Cette recension a été publiée dans le numéro d’hiver 2020-2021 de Politique étrangère (n° 4/2020). Paul Maurice, chercheur au Cerfa à l’Ifri, propose une analyse de l’ouvrage de Agnès Arp et Élisa Goudin-Steinmann, La RDA après la RDA. Des Allemands de l’Est racontent (Nouveau Monde, 2020, 408 pages).

La question centrale posée par Agnès Arp et Élisa Goudin-Steinmann est contenue dans le titre de leur ouvrage : en quoi la République démocratique allemande (RDA) continue-t‑elle d’avoir une influence sur la société allemande, même après sa disparition, y compris sur les générations qui ne l’ont que très peu, voire pas, connue ?

Pour les auteurs, ce qui fait aujourd’hui l’expérience d’être « Allemand de l’Est » est peut-être davantage ce qui s’est passé après la chute du Mur que durant les quarante années d’existence de la RDA : la délégitimation d’une histoire écrite par l’Ouest et les « vainqueurs de l’histoire ». L’objectif de cette écriture biaisée de la RDA après 1989-1990, centrée sur l’omniprésence de la Stasi, sur la domination politique du Parti socialiste unifié d’Allemagne (SED), ou sur l’assujettissement à l’URSS, était de renforcer la démocratie dans les « nouveaux Länder ». Mais ceci a, au contraire, conduit à une exclusion des citoyens de l’ex-RDA, de leur vécu et de leurs parcours personnels.

Depuis une dizaine d’années, la recherche scientifique tend à évoluer – les deux chercheuses font d’ailleurs un bilan de ces évolutions historiographiques, dans lesquelles elles s’insèrent, dans la quatrième partie de l’ouvrage (« Dédiabolisation ? La RDA dans la recherche scientifique »). On cherche désormais à s’intéresser aux gens « ordinaires », et à une histoire orale de la RDA.

L’originalité de l’ouvrage tient aux entretiens biographiques avec 19 citoyens de l’ex-RDA. Il s’agit de citoyens qui n’étaient ni dans l’opposition militante, ni dans le soutien actif – à l’exception d’un seul fonctionnaire du régime. Ils se trouvaient dans l’entre-deux, où l’on donne le change tout en étant critique envers l’emprise du politique sur le quotidien, en conservant l’Eigensinn, le quant à soi, défini par l’historien Alf Lüdcke, la possibilité de s’arranger avec les opportunités qui s’ouvrent.
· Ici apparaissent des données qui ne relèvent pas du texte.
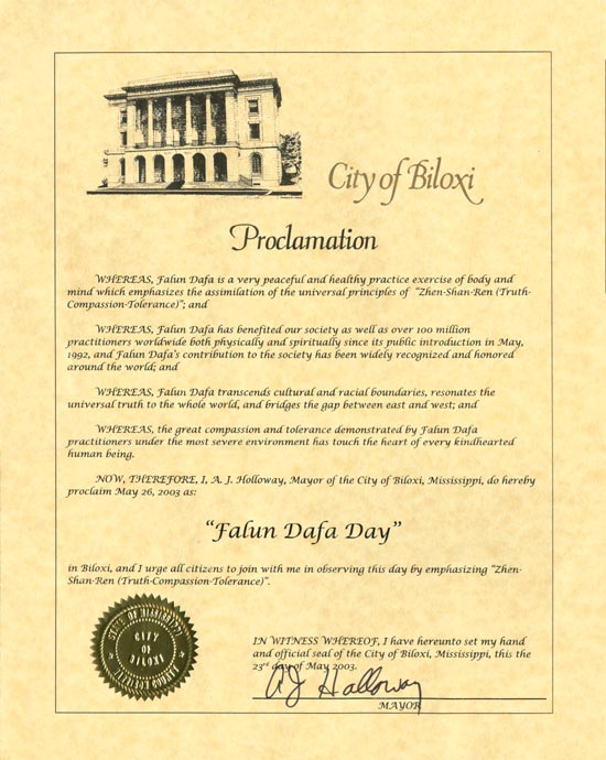 因此,我,密西西比州比劳克斯市(Biloxi)市长A-J-浩楼维(A.J. Holloway),在此宣布2003年5月26日为比劳克斯市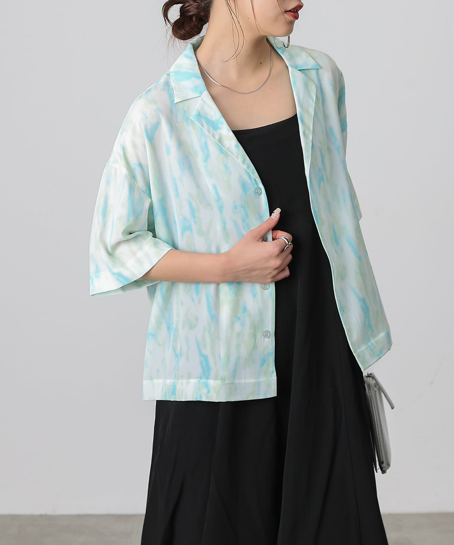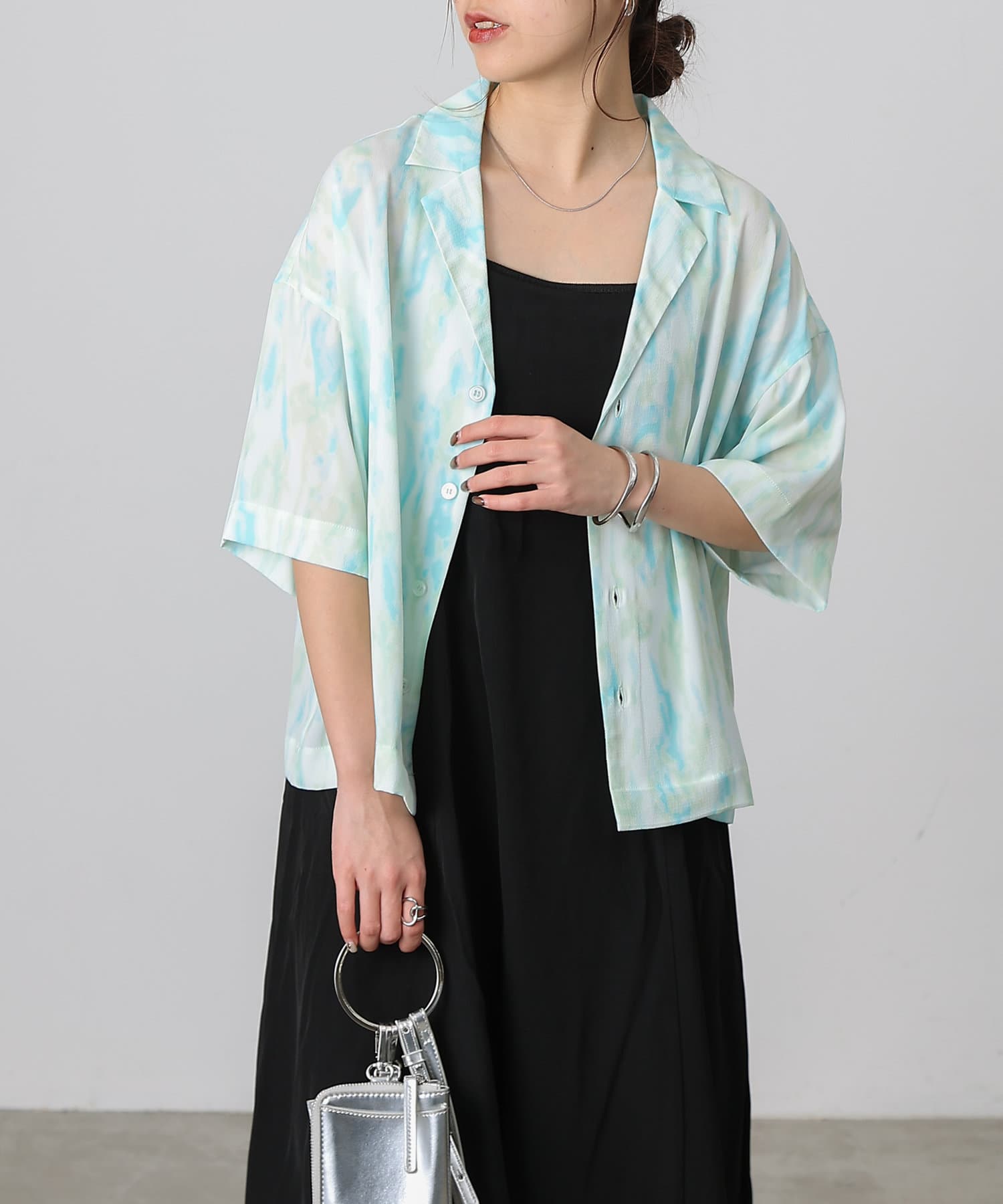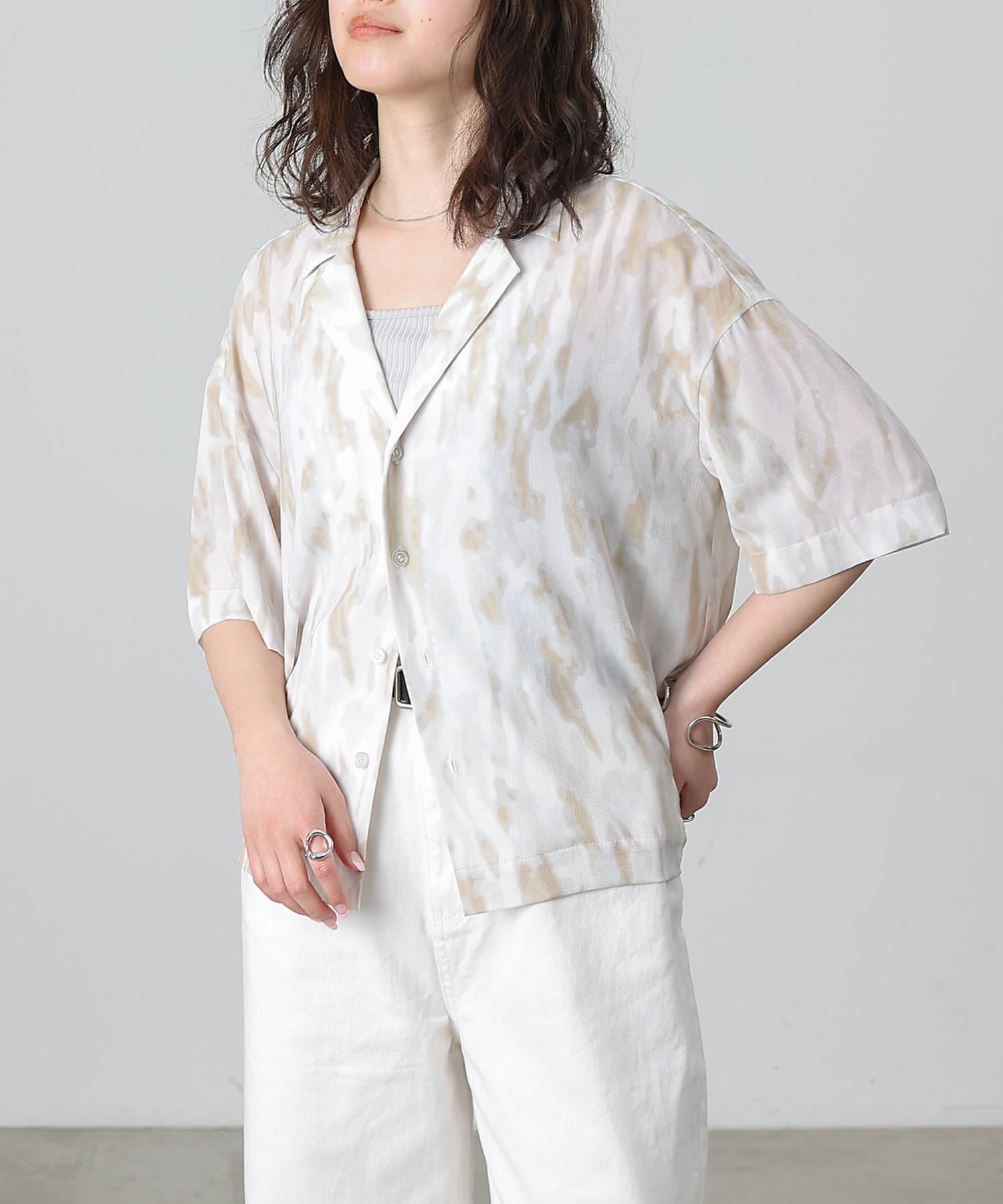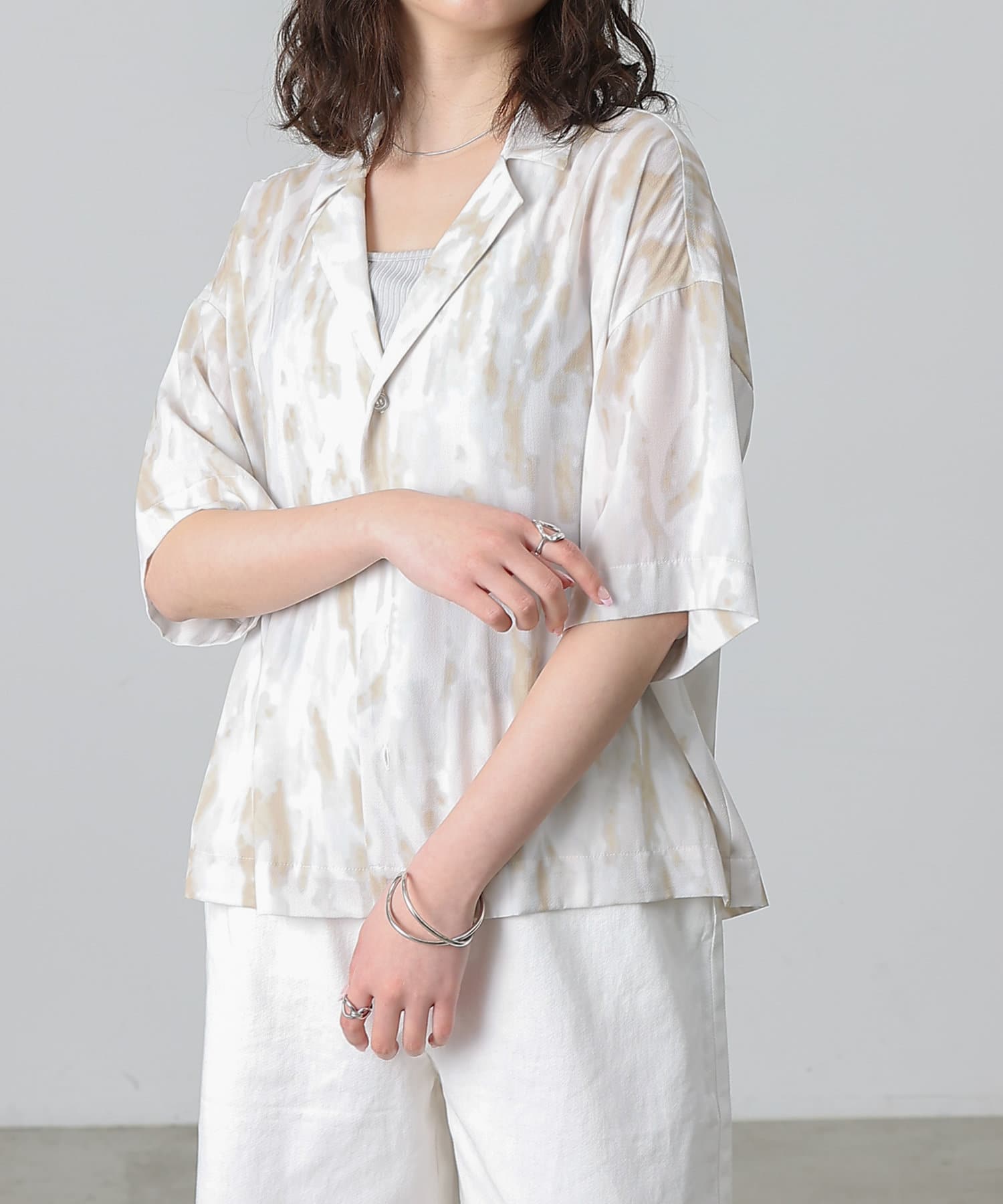 シンプルになりがちな夏コーデのアクセントにぴったりなオープンカラーシャツ。

Il s’agit ici non de généraliser à partir d’un panel réduit, mais de redonner la voix à ces citoyens de l’ex-RDA, issus de milieux intellectuels et sociaux très différents, mais aussi de trois générations différentes. Celle des « pères fondateurs », qui ont vécu le traumatisme du nazisme et fait le choix volontaire de s’installer en RDA, en se sentant une responsabilité face à l’histoire. Celle du baby-boom, les « nés-dedans » (Hineingeborenen), pour qui 1989 a signifié des temps difficiles : ils n’ont connu que la RDA et ont eu des difficultés à se réinventer. Enfin celle des Wendekinder, nés autour des années 1970, trop jeunes pour avoir eu des choix difficiles à faire, et qui n’ont connu la RDA que dans l’enfance.

Par leur démarche mêlant témoignage et analyse, Agnès Arp et Élisa Goudin-Steinmann cherchent à montrer en quoi les mémoires des citoyens divergent autant des discours médiatiques. Les principaux témoignages aboutissent à un constat similaire : celui d’une vie qualifiée de « normale », d’autant plus qu’elle est révélée en creux par les ruptures biographiques après 1989-1990. Si nul ne regrette la période du Mur, les témoins insistent sur des aspects essentiels de leur existence : l’absence de chômage, le système de santé, l’indépendance économique des femmes, les loyers dérisoires.

Pour améliorer la compréhension du moment 1989-1990 comme situation historique, il est intéressant de prendre en compte ces discours des citoyens eux-mêmes, révélateurs des impensés de la réunification et de leur prix politique.